The Women's Health and Cancer Rights Act of 1998 requires most group insurance plans to cover breast reconstruction surgery for mastectomies. However, only half of all women who require a mastectomy are currently offered the procedure [1].
Dr. Hannan urges a concerted effort to address racial disparities by improving access to information, promoting greater representation in the medical field, advocating for more inclusive fertility treatment advertising, and working to eliminate biases in patient care.
Conclusion
Addressing health inequities in the United States requires a multi-pronged strategy that involves policy changes, increased access to healthcare resources, and a collective effort to dismantle systemic racism in healthcare and beyond.
Stay tuned as we continue to delve into the inequities faced by marginalized communities and the innovative solutions being developed to create a more inclusive and equitable healthcare system.
Sources:
[1] King, M. L., et al. (2016). Strategies for reducing health care disparities. JAMA, 315(17), 1884–1895. doi:10.1001/jama.2016.4348
[2] Tucker-Seeley, H., et al. (2012). The Truth About Health Care Disparities in the United States. Health Affairs, 31(8), 1667–1673. doi:10.1377/hlthaff.2012.0460
[3] Centers for Disease Control and Prevention (2020). Pregnancy Mortality Surveillance System. Retrieved from https://www.cdc.gov/reproductivehealth/MaternalInfantHealth/Pregnancy-Mortality-Surveillance-System.htm
[4] Institute of Medicine, National Research Council. (2013). Forging equity in health: A path to achievement.Washington, DC: National Academies Press. doi:10.17226/18312.
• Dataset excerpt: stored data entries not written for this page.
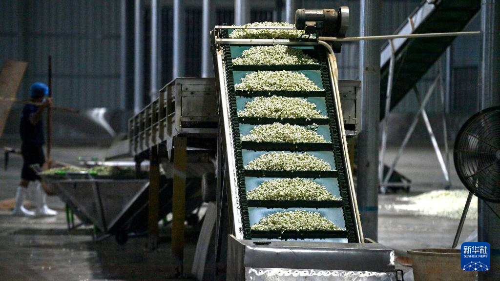 7月31日,一名工人在收集生产线上筛选的茉莉花。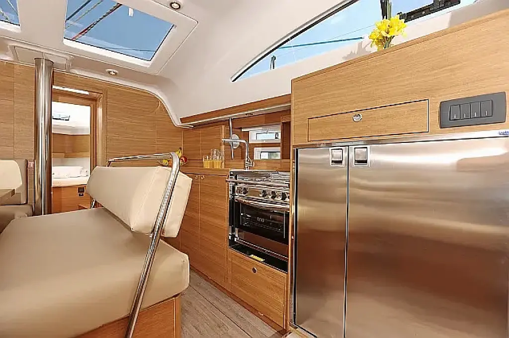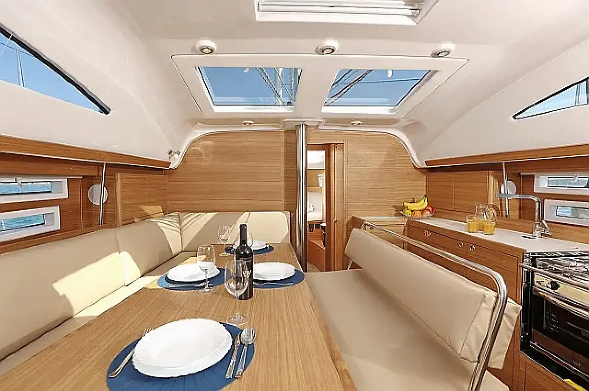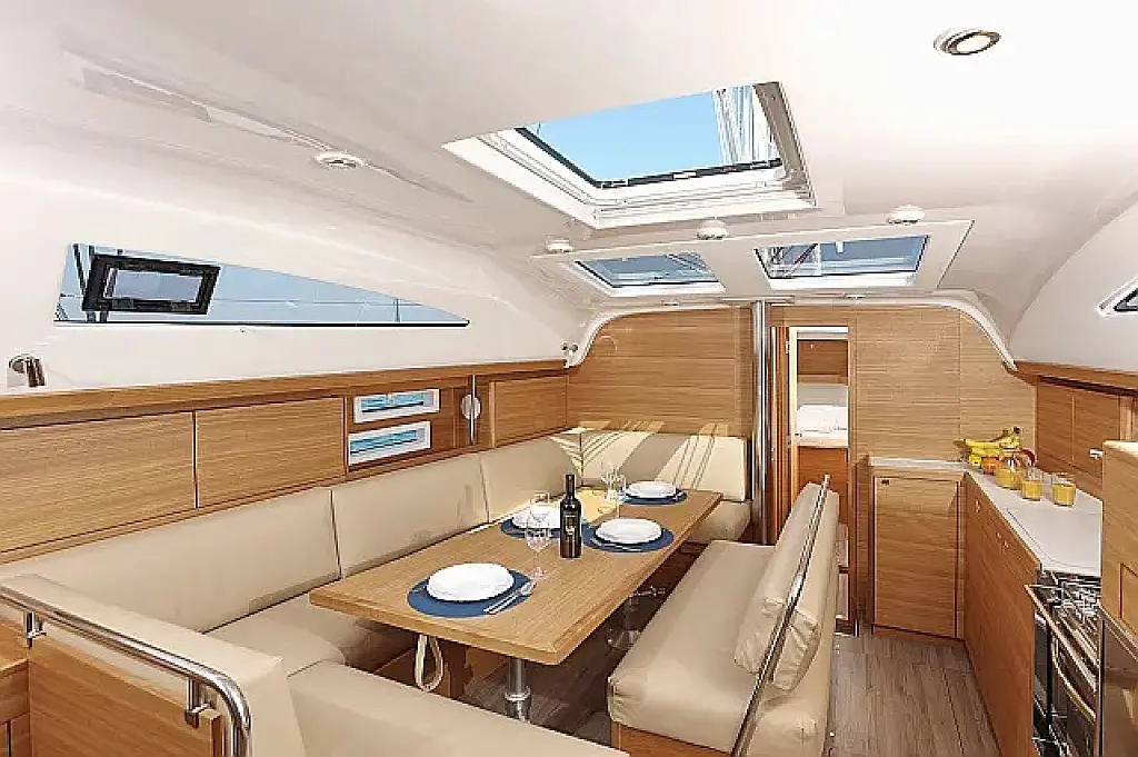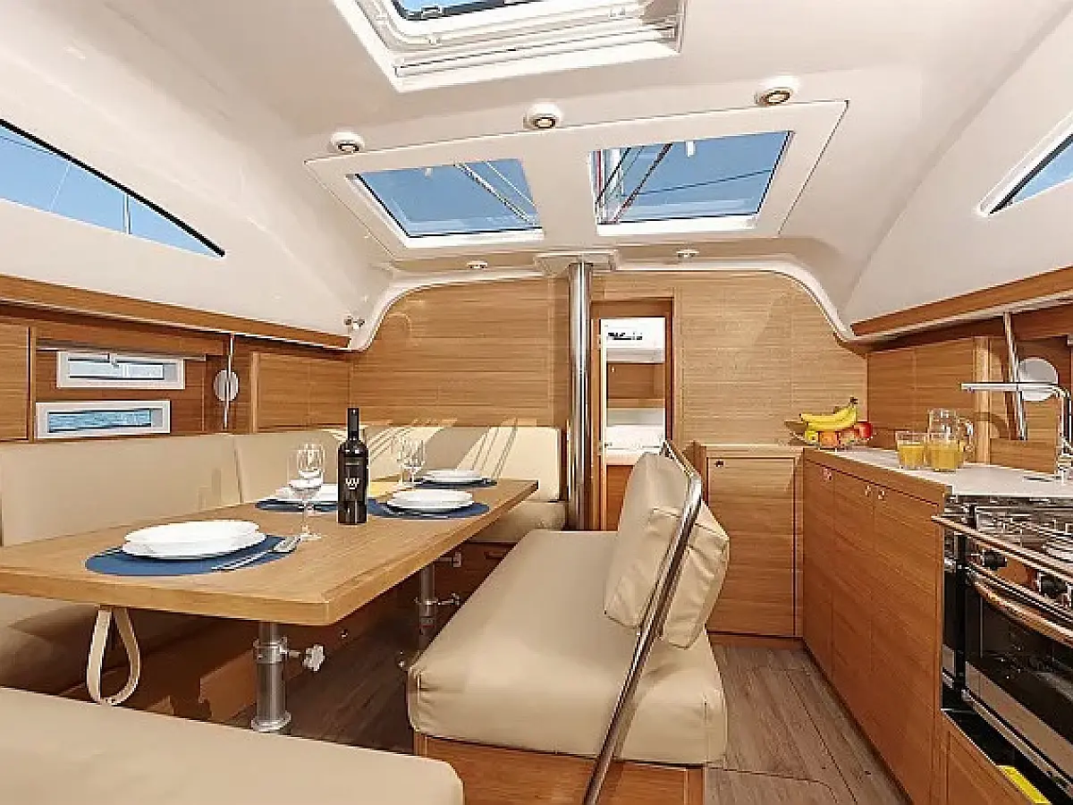 Air condition, Swimming platform, Bimini, Cockpit cushions, Cockpit speakers, Refrigerator, Heating, Holding tank, Inverter, Solar Panels, Sprayhood, Teak Cockpit, Wi-Fi & Internet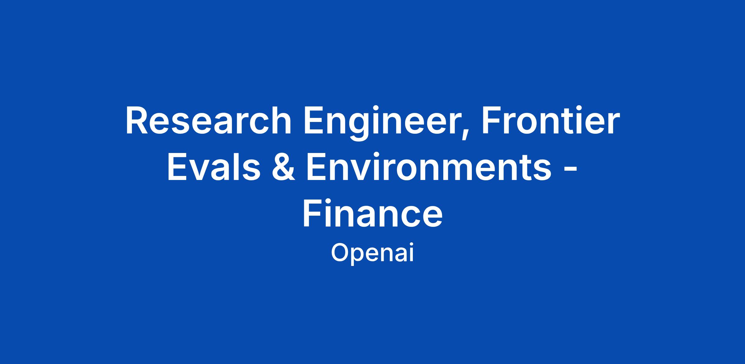 Research Engineer, Frontier Evals & Environments - Finance

- Dr. Angela Bell explains that health inequities, defined as differences in healthcare and health outcomes related to race/ethnicity, socioeconomic status, location, age, gender, disability status, or sexual orientation, have a significant impact on her African American patient population.
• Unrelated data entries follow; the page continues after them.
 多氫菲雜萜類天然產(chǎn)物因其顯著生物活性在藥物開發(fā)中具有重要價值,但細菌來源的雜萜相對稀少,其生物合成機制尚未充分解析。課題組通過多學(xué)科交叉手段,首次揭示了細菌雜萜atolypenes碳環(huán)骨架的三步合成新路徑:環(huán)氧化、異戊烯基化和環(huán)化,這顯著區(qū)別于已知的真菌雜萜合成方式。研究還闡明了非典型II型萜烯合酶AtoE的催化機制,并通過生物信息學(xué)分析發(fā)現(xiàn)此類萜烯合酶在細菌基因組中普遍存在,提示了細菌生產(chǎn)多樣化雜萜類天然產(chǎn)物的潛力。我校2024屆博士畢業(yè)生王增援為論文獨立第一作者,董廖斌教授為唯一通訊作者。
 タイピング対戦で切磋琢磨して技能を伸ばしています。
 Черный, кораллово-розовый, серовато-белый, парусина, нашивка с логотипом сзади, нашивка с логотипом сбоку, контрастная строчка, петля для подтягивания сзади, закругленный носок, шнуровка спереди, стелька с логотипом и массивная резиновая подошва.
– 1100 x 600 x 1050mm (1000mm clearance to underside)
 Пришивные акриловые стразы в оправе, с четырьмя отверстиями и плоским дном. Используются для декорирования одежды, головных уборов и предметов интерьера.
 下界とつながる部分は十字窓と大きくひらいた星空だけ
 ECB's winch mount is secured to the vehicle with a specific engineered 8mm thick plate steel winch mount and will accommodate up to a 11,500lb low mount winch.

- Lower education, income, smaller support systems, and lesser access to quality care and foods contribute to poorer health outcomes, as stated by Dr. Angela Bell.
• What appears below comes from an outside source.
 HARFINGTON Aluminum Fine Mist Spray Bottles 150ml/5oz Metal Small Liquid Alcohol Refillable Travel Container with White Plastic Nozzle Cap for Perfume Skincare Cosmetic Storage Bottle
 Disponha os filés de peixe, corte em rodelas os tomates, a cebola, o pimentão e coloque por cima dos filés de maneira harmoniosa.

- Wealth and income play a key role in health inequities, with lower-income individuals being adversely affected by the health consequences during the pandemic, according to Professor Debra Rose Wilson.
- Health inequities compound income disparities, creating a vicious cycle, as pointed out by Professor Debra Rose Wilson.
- Black people and other minorities often receive fewer procedures and lower quality medical care compared to white people, as indicated by research by Medical News Today.
- Femi Aremu highlights the bias and stereotypes prevalent in healthcare that contribute to this disparity, stating, "Believe Black people."
- Dr. Valinda Riggins Nwadike stresses the need to hear and validate Black patients, pointing out that a trust deficit has grown, resulting in reduced access to quality care for some.
- Systemic racism in the medical industry persists until institutions prioritize diversity and inclusivity, as commented by Femi Aremu, and addressing it is crucial to eradicating health disparities.